» **Your task**: The task for the listing below is to write out exactly the lines starting at the one containing "廖震为大家带来急救知识培训,详细讲解并操" and ending at the one containing "W3schools is a", both included. Pictures are to be omitted.

### Material for the task ###

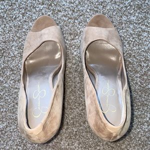 Jessica Simpson Amandax tan suede platform peep toe heels NWOT
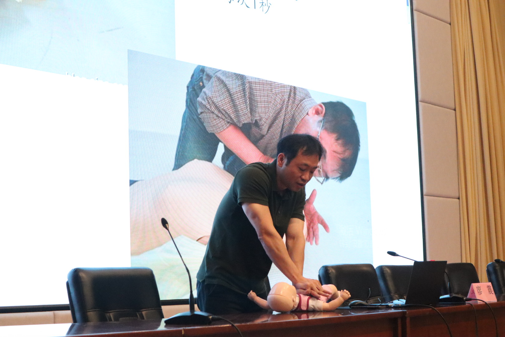 廖震为大家带来急救知识培训,详细讲解并操作了心肺复苏、AED使用法、人工呼吸、海姆立克急救法等。新生纷纷表示受益匪浅。
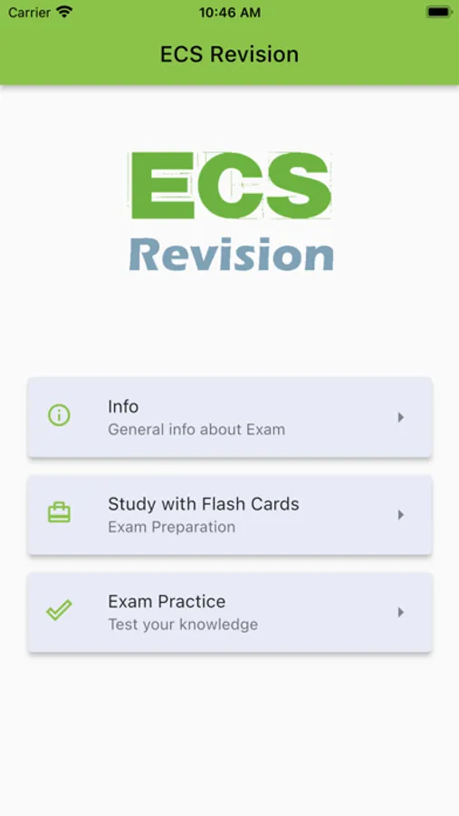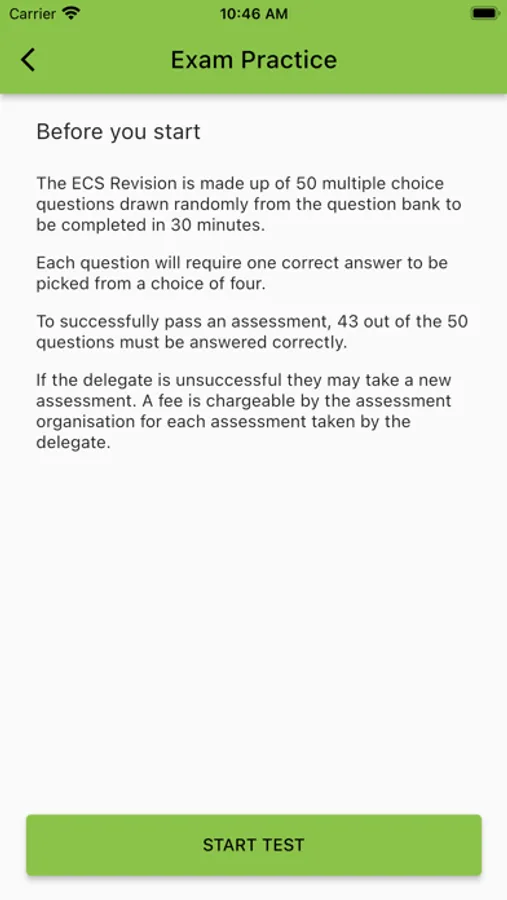 The ECS Revision is made up of 50 multiple choice questions drawn randomly from the question bank to be completed in 30 minutes. Each question will require one correct answer to be picked from a choice of four.
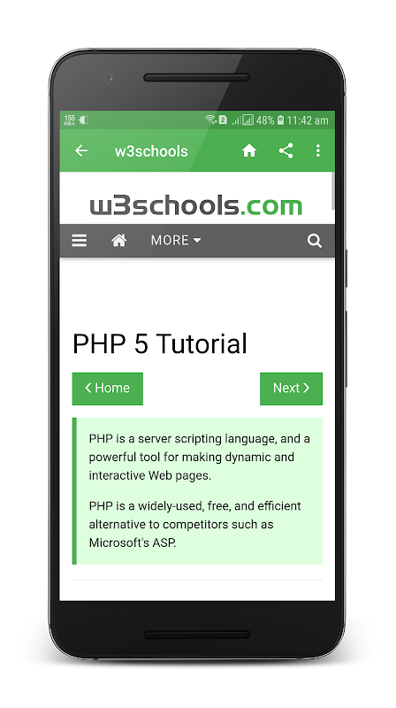 W3schools is a android app, which will help you to learn Html, Css, Php, Java Script, Jquery, Asp, Bootstrap, Sql and other web programming languages.
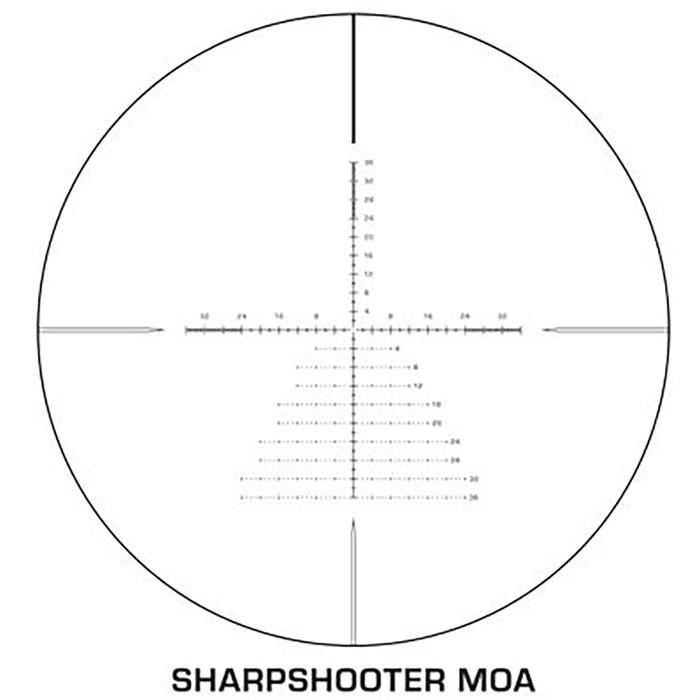 - Die Sharpshooter FFP gravierten Absehen sind für präzises Messen und Haltepunkte auf lange Distanz ausgelegt.
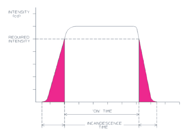 luminous intensity when the light switches off should be disregarded
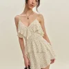 The model is wearing a size 0 and is 5’10”, 23″ waist, 34″ hips, 32″ bust.
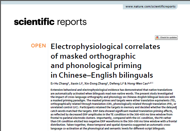 曹洪文老师团队在英国Nature出版集团(NPG)旗下综合性科学期刊《Scientific reports》(MULTIDISCIPLINARY SCIENCES, SCIE, IF:4.996, Q2)上在线发表题为“Electrophysiological correlates of in Chinese–English bilinguals”的研究论文。该论文第一作者为百家乐在线游戏
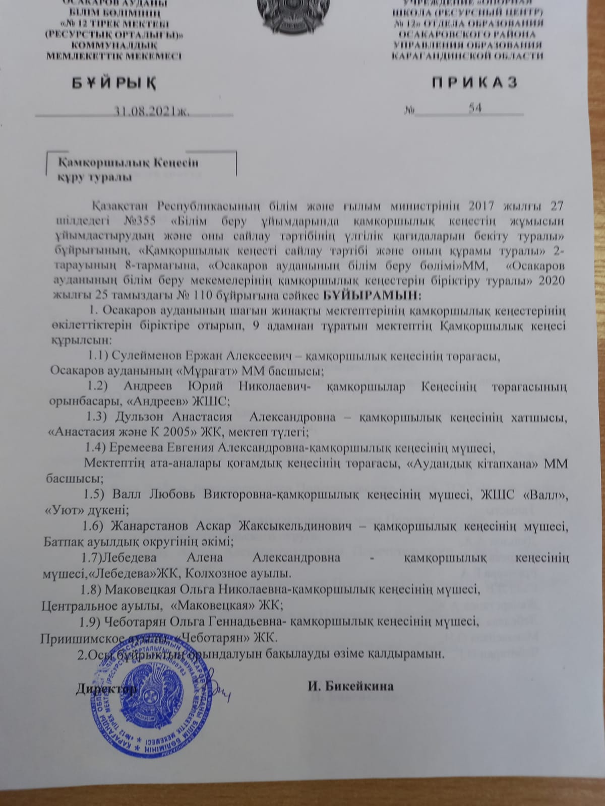 Қамқоршылық кеңесті құру туралы бұйрық
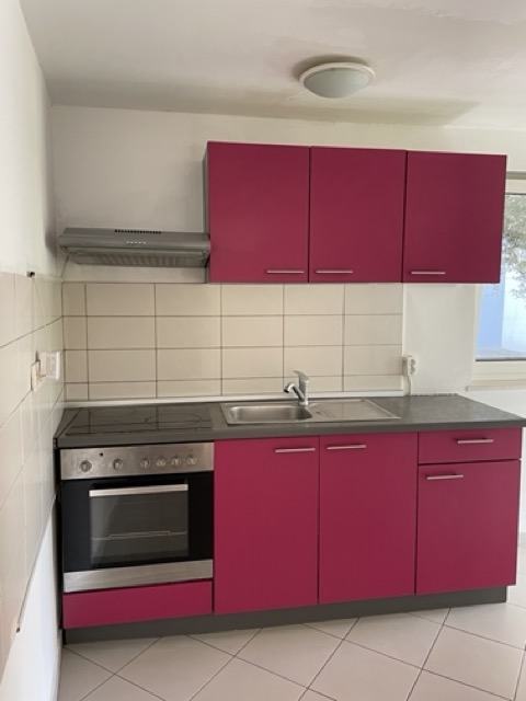 Kuhinja ukupne širine 2 metra, boja siva i magenta. Radna ploča laminat siva.
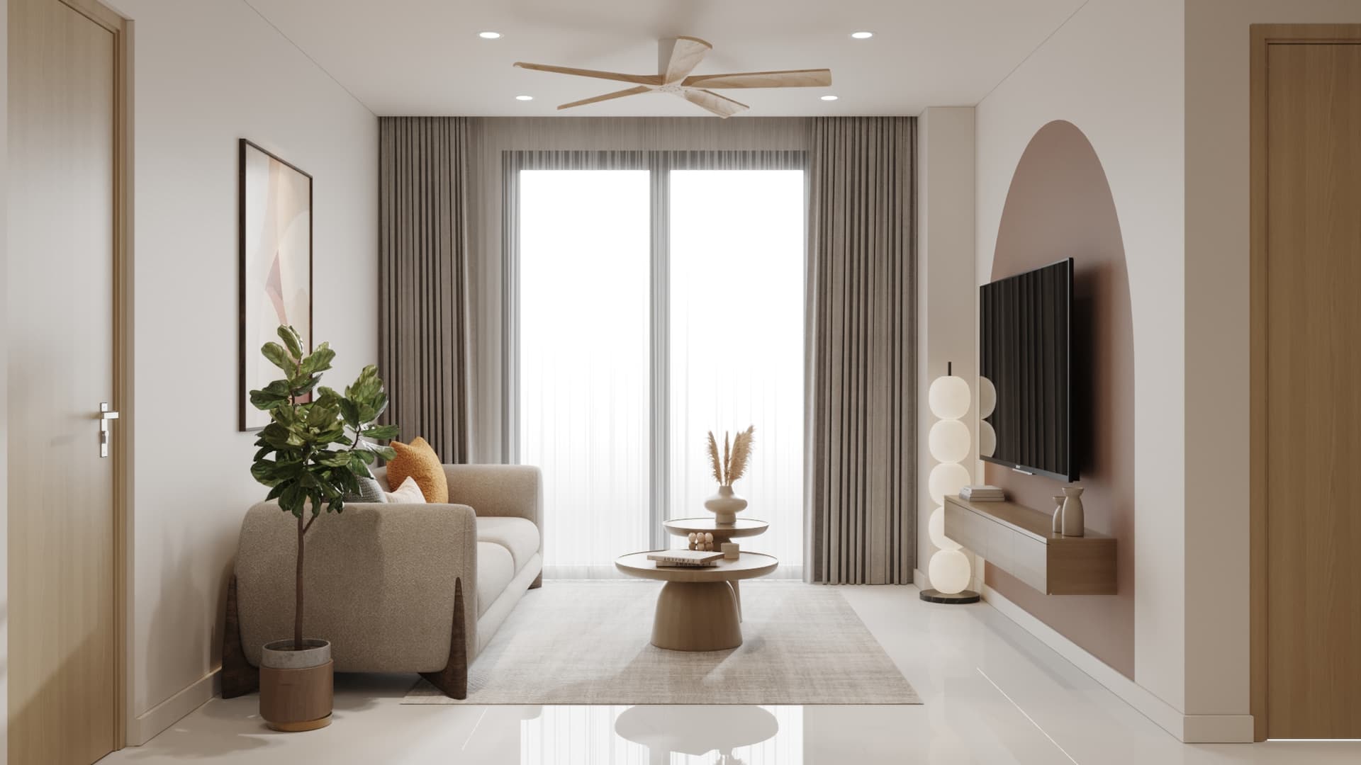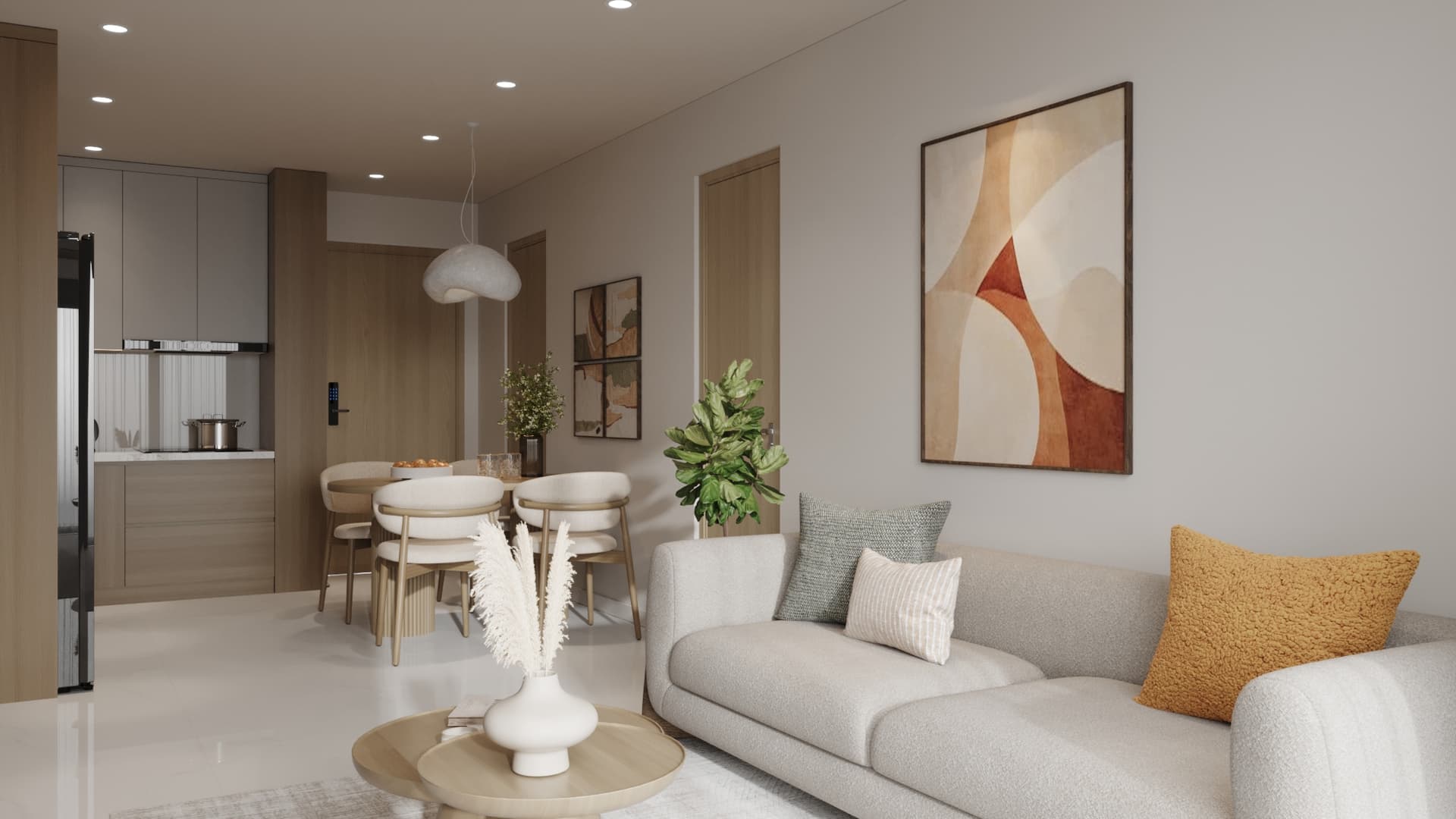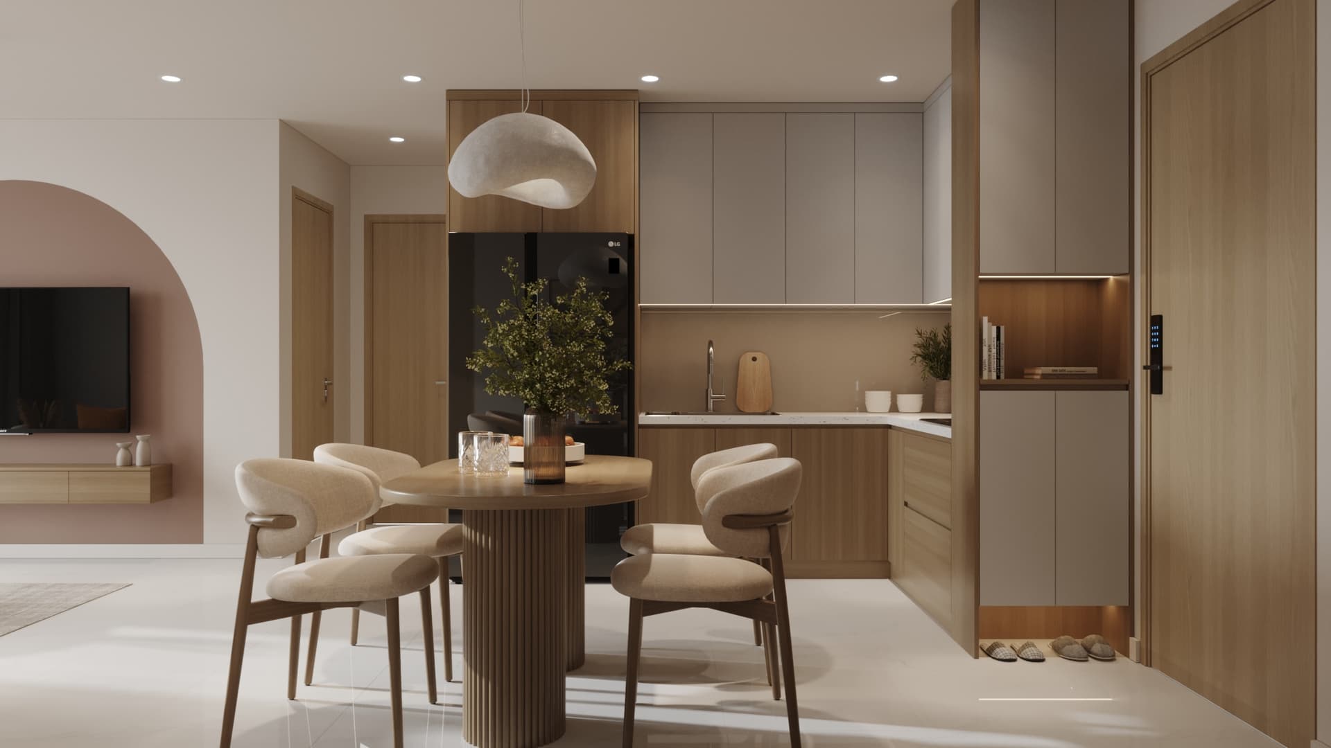 Căn hộ được thiết kế theo phong cách tối giản, nổi bật với gam màu trung tính nhẹ nhàng, đường nét gọn gàng và bố cục hài hòa. Nội thất tinh giản nhưng tiện nghi, kết hợp ánh sáng tự nhiên và vài điểm nhấn trang trí tinh tế, mang lại không gian sống thanh lịch, ấm cúng và thoáng đãng

###

» **Solution**:
 廖震为大家带来急救知识培训,详细讲解并操作了心肺复苏、AED使用法、人工呼吸、海姆立克急救法等。新生纷纷表示受益匪浅。
 The ECS Revision is made up of 50 multiple choice questions drawn randomly from the question bank to be completed in 30 minutes. Each question will require one correct answer to be picked from a choice of four.
 W3schools is a android app, which will help you to learn Html, Css, Php, Java Script, Jquery, Asp, Bootstrap, Sql and other web programming languages.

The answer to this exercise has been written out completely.